Oranges possess a special cachet in the American dream. Growing up in the baby-boomer era meant that you heard—“breakfast without orange juice is like a day without sunshine”—thousands of times while watching rerun episodes of Leave it to Beaver and The Flintstones.
As my breakfast chore, I would dutifully mix three cans of tap water with one can of "fresh" frozen concentrated orange juice. Voilà, we had our morning OJ, just like Anita Bryant's cheery TV family. Little did I know that the 3-to-1 formula was patented—to quench a mass-produced taste for sweet orange flavor.
As a youngster, I was also oblivious to the barrage of cognitive priming—in the form of TV ads, radio jingles, point-of-purchase placards, etc.—that would stimulate my desire to eat oranges and drink their juice to this day. Memory traces of orange flavor are encoded in my brain.

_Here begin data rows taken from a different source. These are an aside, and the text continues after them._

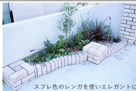
スフレ色のレンガを使いエレガントに

レンガの門柱を柔らかいイメージで仕上げるため、温暖色であるフランを使いました。駐車場と建物を仕切る壁は、塗り壁に高さの違うレンガ柱を入れることでアクセントをつけ、壁のカーブを強調させ、よりデザイン性を高めています。隣地との境界である白い塗り壁が花を華やかに見せるためのスクリーンになっています。植栽は、季節ごとに花が咲くのはもちろん、色や形の異なる葉っぱを上手に組み合わせ、花がなくても美しく見えるよう工夫してあります。レンガ柱の上にお気に入りのガーデンアクセサリーや寄せ植えなどを載せてご家族で楽しんでいただいています。
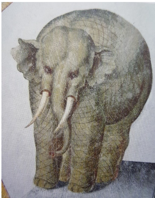
Příloha č. 10. – Malba v Dvořanské světnici, letohrádek Kratochvíle. Zdroj: BALOG, Peter a kol. Rožmberkové: rod českých velmožů a jeho cesta dějinami , České Budějovice 2011, s. 591.
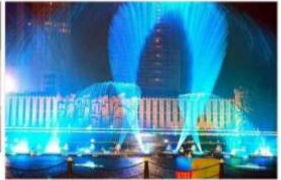
น้ำพุคังปาซือ Kangbashi Fountain

แต่ยังได้รับการกล่าวขานว่าเป็นหนึ่งในน้ำพุที่สูงและยิ่งใหญ่ที่สุดในเอเชีย สามารถพ่นน้ำได้สูงถึง 230 เมตร ระบายน้ำพุคังปาซือไม่ใช่แค่ น้ำพุธรรมดา แต่เป็นการแสดงที่ผสมผสานระหว่างการเคลื่อนไหวของสายน้ำ

How does the flavor of an orange leave its memories lodged somewhere in the hippocampus[1] region of the brain for later retrieval? Behind the scenes, intellectual property rights have long shaped—and marketers have long exploited—our innate, neuropsychological demand for foodstuffs.
Food Memories, Flavors and Neuropsychology
The process by which we imagine food, place it in our mouth and later remember its flavor is a growing object of neuropsychological study. It starts with vision. As the philosopher Apicus stated, the "first taste is always with the eyes."[2]
Neuroscientists analyze the pathways and receptors for sense organs. Flavor perceptions arise from sense impressions. "We assume that flavor involves the interaction of at least two senses—smell and taste—and flavor cannot occur without both of these senses becoming stimulated. However, flavor also involves other variables such as texture, temperature, sound and vision."[3]
Humans can detect thousands of odors, but only five or so tastes. How we perceive and recall food flavors is not well understood, however. The neuropsychological research work is daunting, as it is a "universal rule in psychology, [that] when sense qualities combine to form what is called a perception, the result of their combination is not a sum but a system; not a patchwork but a pattern."[4]
Advances in this field of study are set forth well in Gordon M. Shepard's groundbreaking work, Neurogastronomy: How the Brain Creates Flavor and Why It Matters (2012) and G. Neil Martin's The Neuropsychology of Smell and Tastes (2013).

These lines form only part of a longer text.